A Dynamically Programmable Hydrogel Surface with Rapid Magnetically Actuated Snapping of Bistable Dome Configurations

Abstract Dynamic shape‐morphing soft surfaces are widespread in biological systems and hold great promise for a variety of applications. Despite considerable efforts, challenges remain in achieving fast, repetitive, precise, and contactless control over the desired surface morphing. Here, this work presents a bio‐inspired approach that leverages magnetically actuated dome snapping for fast and reprogrammable hydrogel surface morphing.

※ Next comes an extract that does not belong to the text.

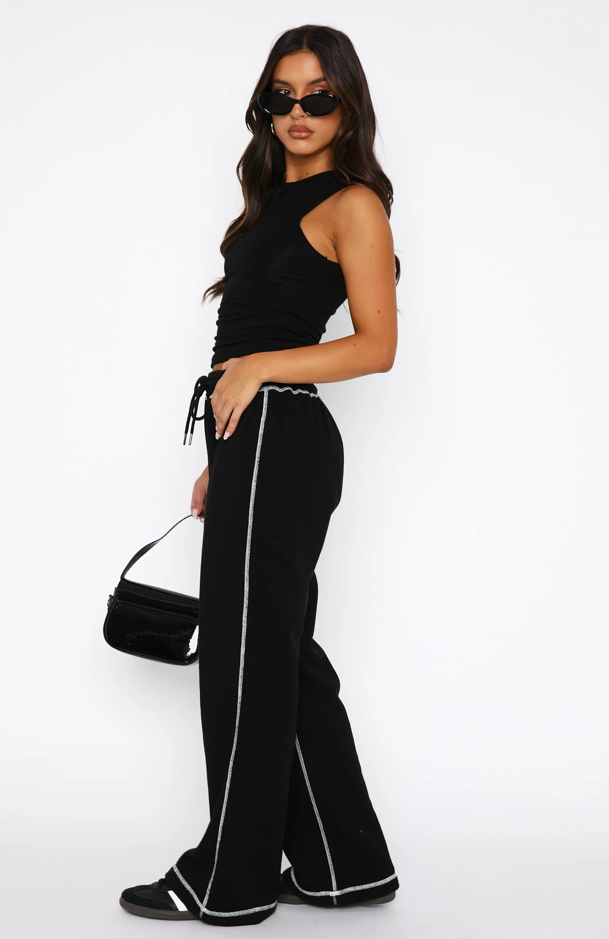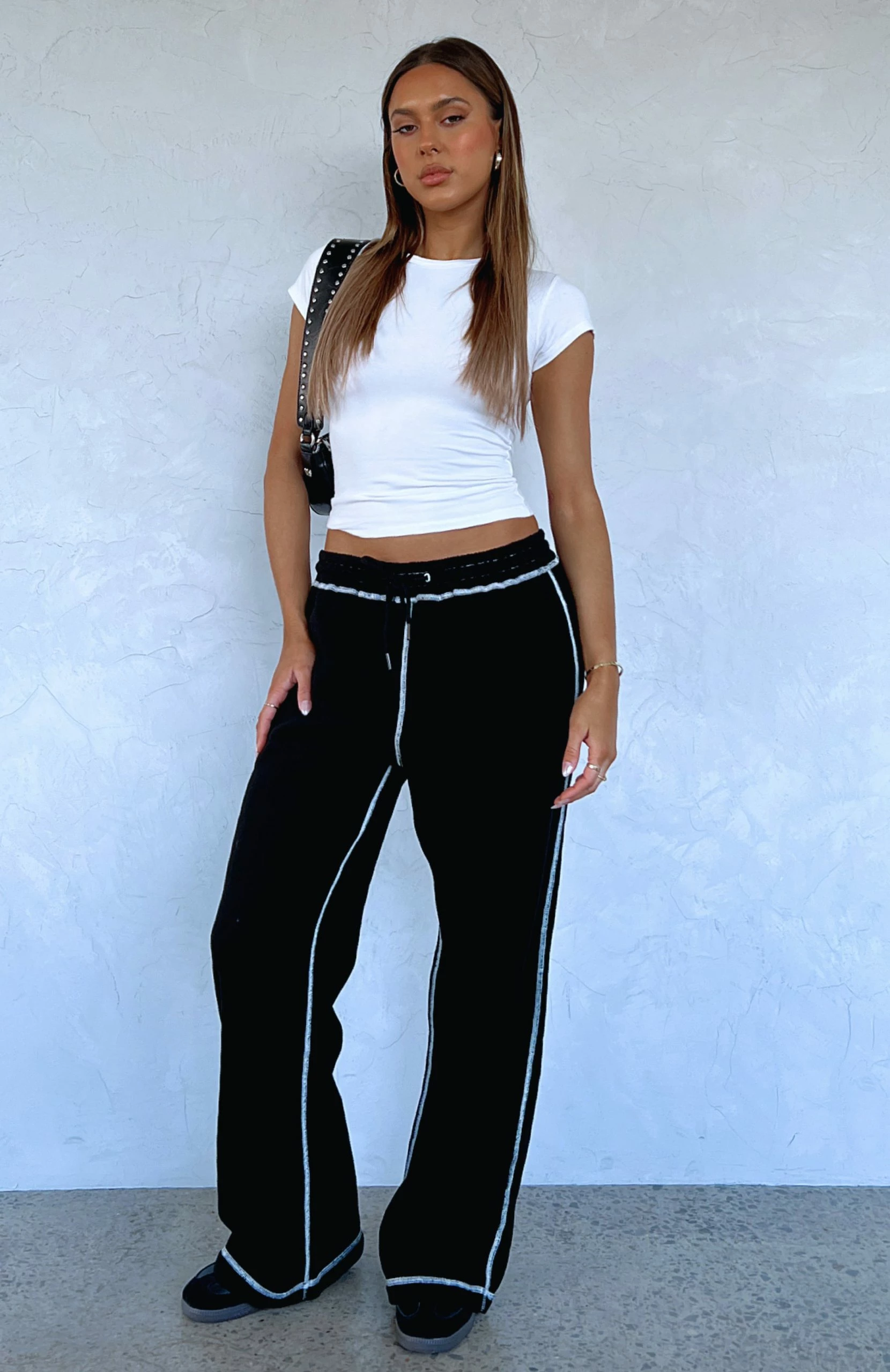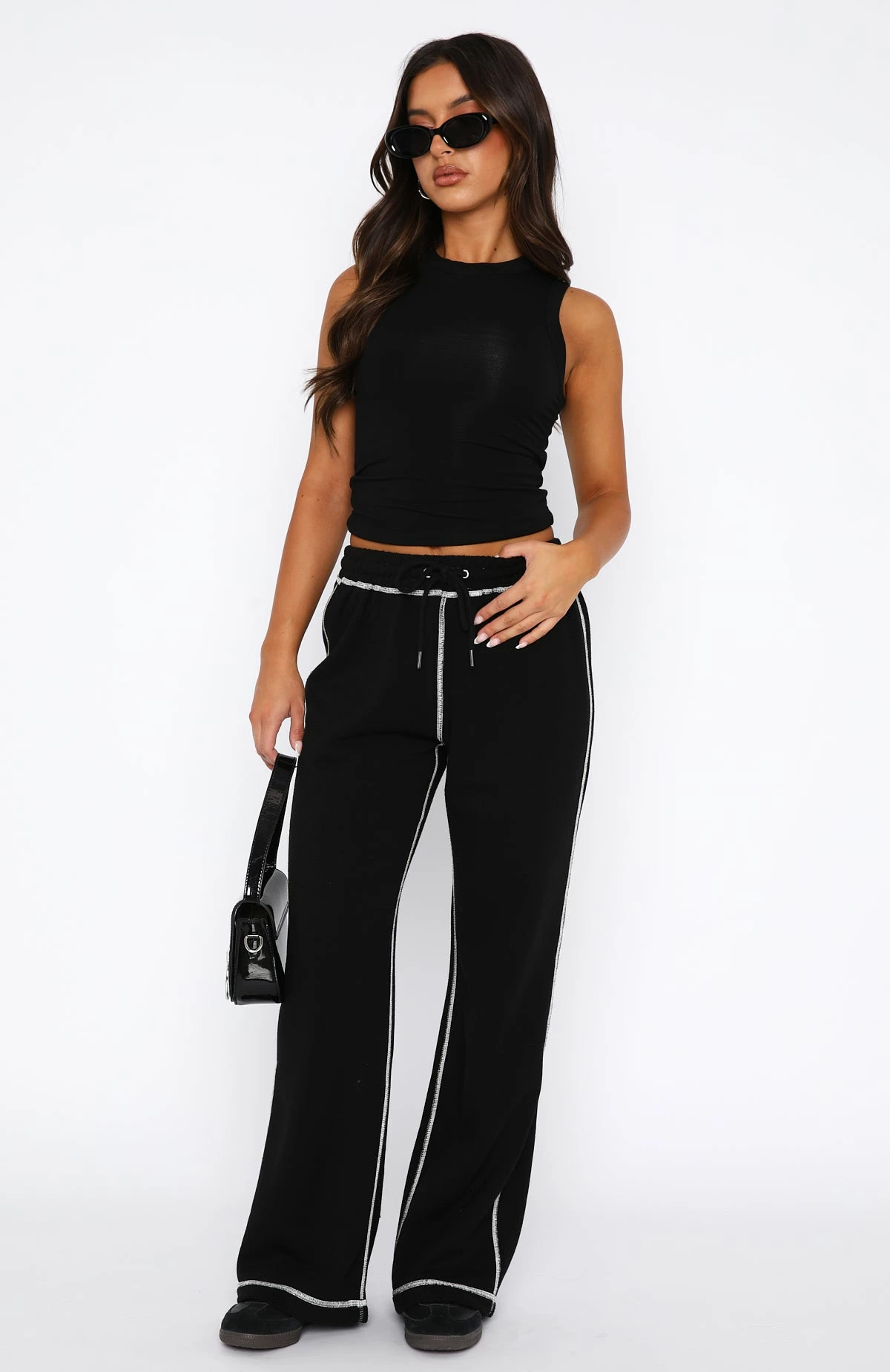 We’re bringing you an everyday pant, designed with long Sunday afternoons in mind. The Monday Mood Low Rise Pants Black features a thick elasticated waistband, soft textured waist band and lining, white contrast stitching, high rise fit and straight leg design. Pair with a fitted tee and your go-to snugs for lounge worthy fit’!

The system consists of a sheet incorporating an array of swelled magnetic gels dispersed within nonswelling regions, forming bistable domes upon swelling. When a magnet approaches the side opposite to the bulking direction of a magnetic gel dome, the dome snaps rapidly toward the magnetic field due to direct magnetic interactions. By tailoring the magnetic threshold for the magnetic dome snapping, adjusting the spatial distribution of magnetic domes within the hydrogel, and precisely controlling the magnetic field, the hydrogel surface can dynamically morph in a programmable, ultrafast, and contactless manner. This work utilizes magnetically actuated surface morphing for dynamic displays, information encryption and decryption, and selective object manipulation. This work is expected to advance magnetically controlled soft robotics with multifunctional smart surfaces, unlocking a wide range of application possibilities.